## Exercise details
A precise copy of the data is required, with every picture left out.

Start of Source data

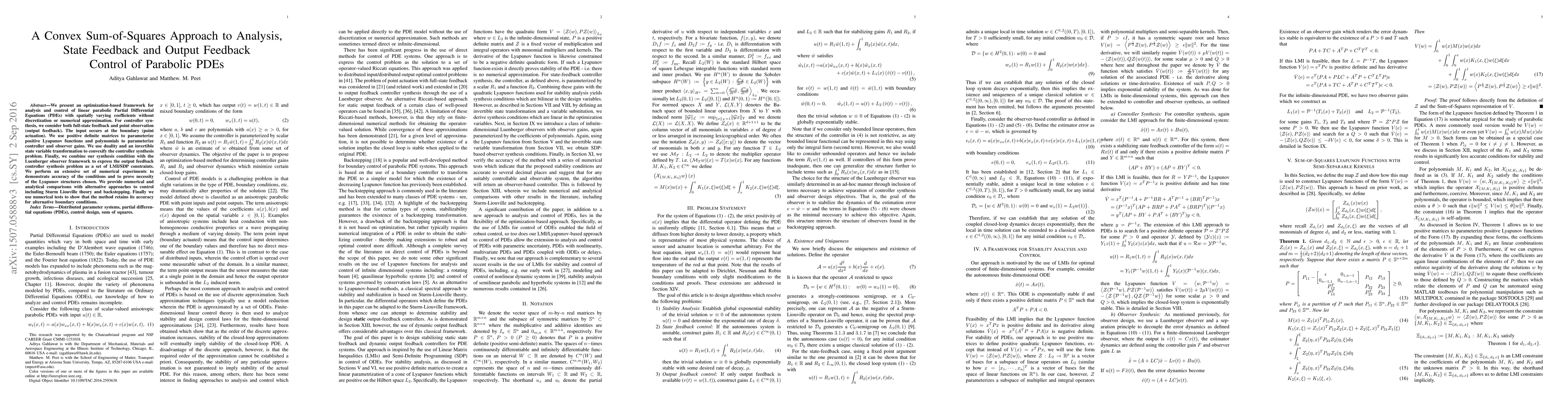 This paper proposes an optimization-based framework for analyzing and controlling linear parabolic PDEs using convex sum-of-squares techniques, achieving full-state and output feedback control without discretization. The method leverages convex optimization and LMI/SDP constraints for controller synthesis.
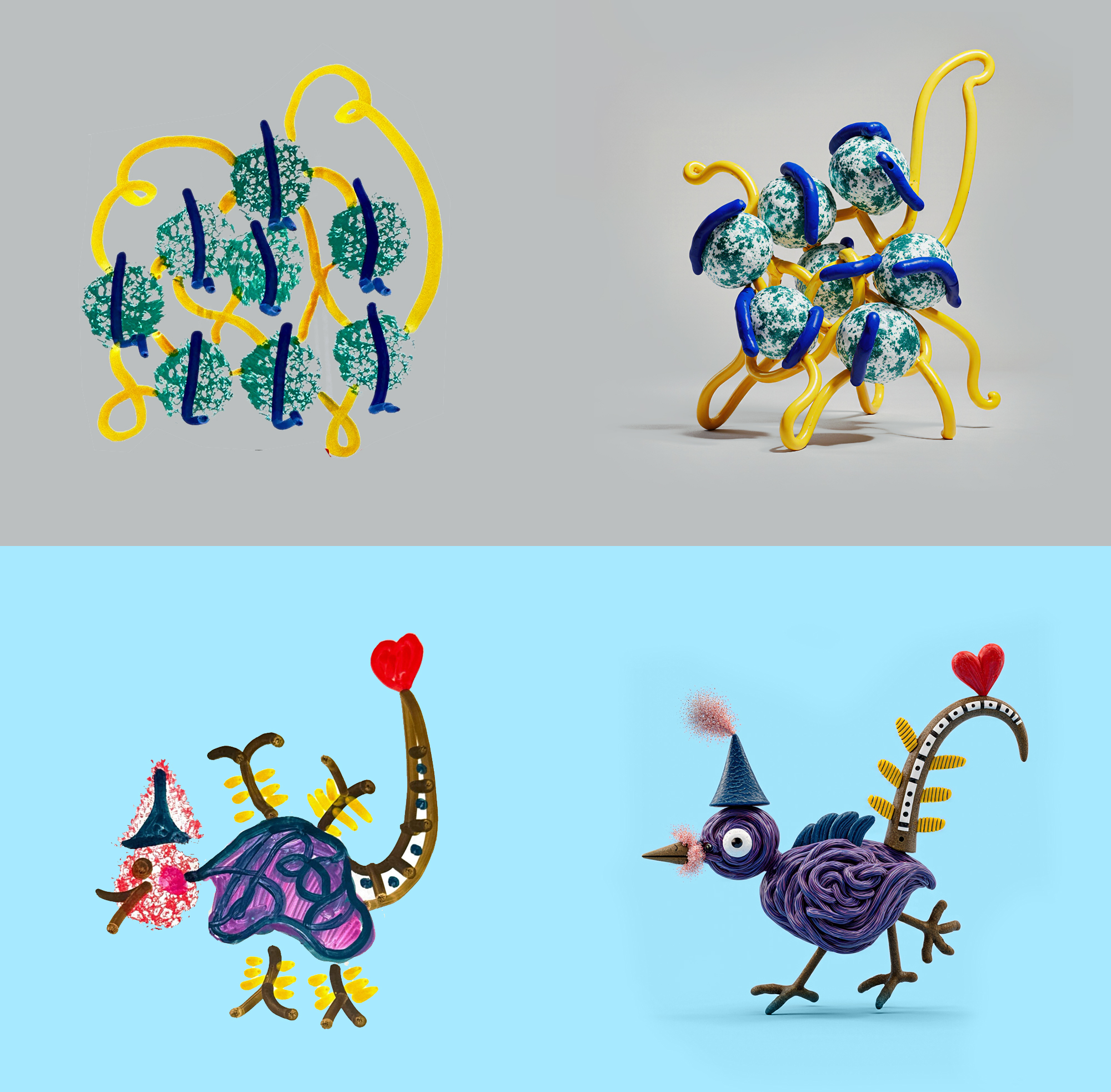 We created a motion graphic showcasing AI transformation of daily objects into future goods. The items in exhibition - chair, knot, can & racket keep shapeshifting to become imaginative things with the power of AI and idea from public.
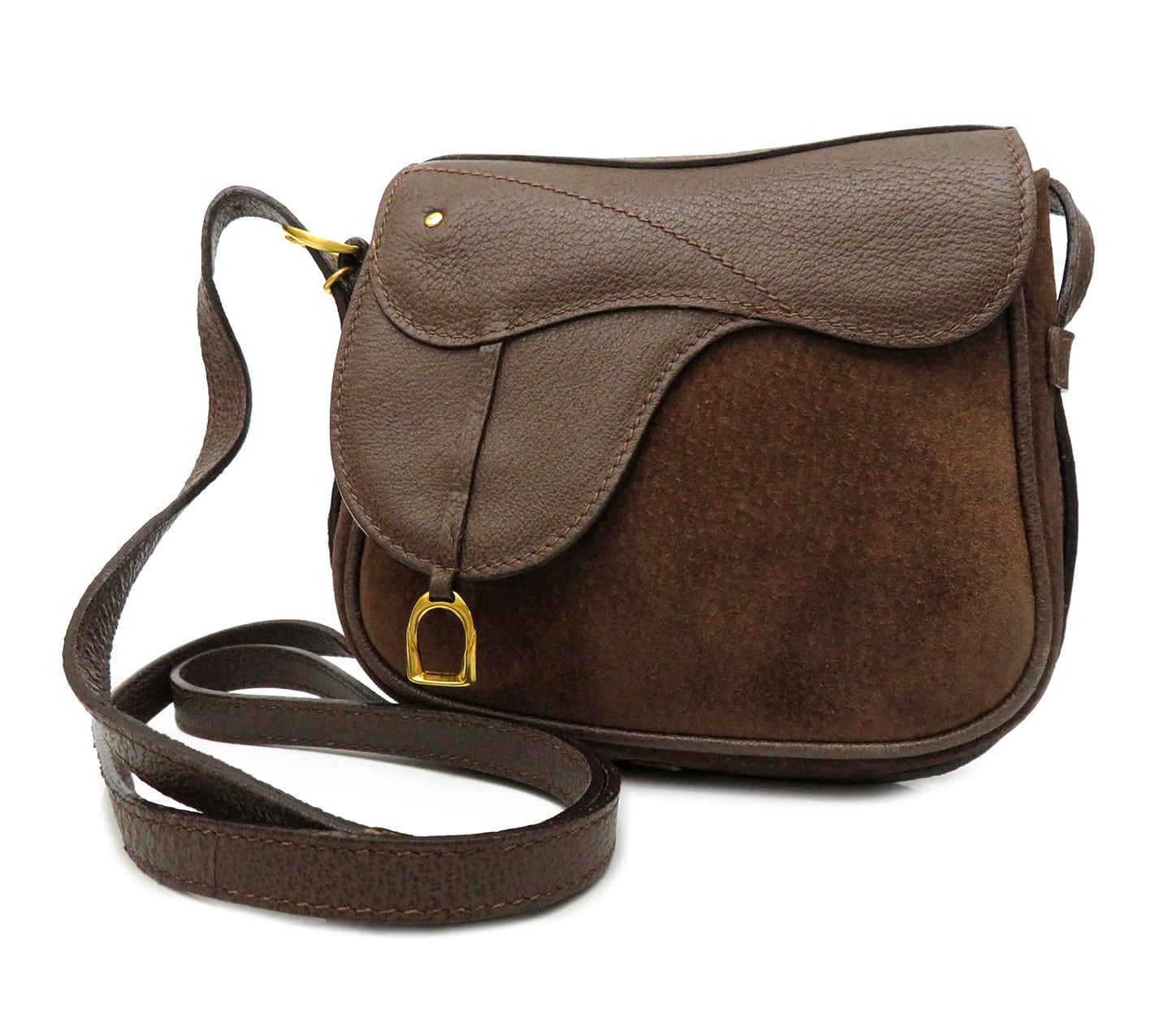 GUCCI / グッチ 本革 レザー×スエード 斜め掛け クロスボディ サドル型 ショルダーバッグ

End of Source data

## Task result
 This paper proposes an optimization-based framework for analyzing and controlling linear parabolic PDEs using convex sum-of-squares techniques, achieving full-state and output feedback control without discretization. The method leverages convex optimization and LMI/SDP constraints for controller synthesis.
 We created a motion graphic showcasing AI transformation of daily objects into future goods. The items in exhibition - chair, knot, can & racket keep shapeshifting to become imaginative things with the power of AI and idea from public.
 GUCCI / グッチ 本革 レザー×スエード 斜め掛け クロスボディ サドル型 ショルダーバッグ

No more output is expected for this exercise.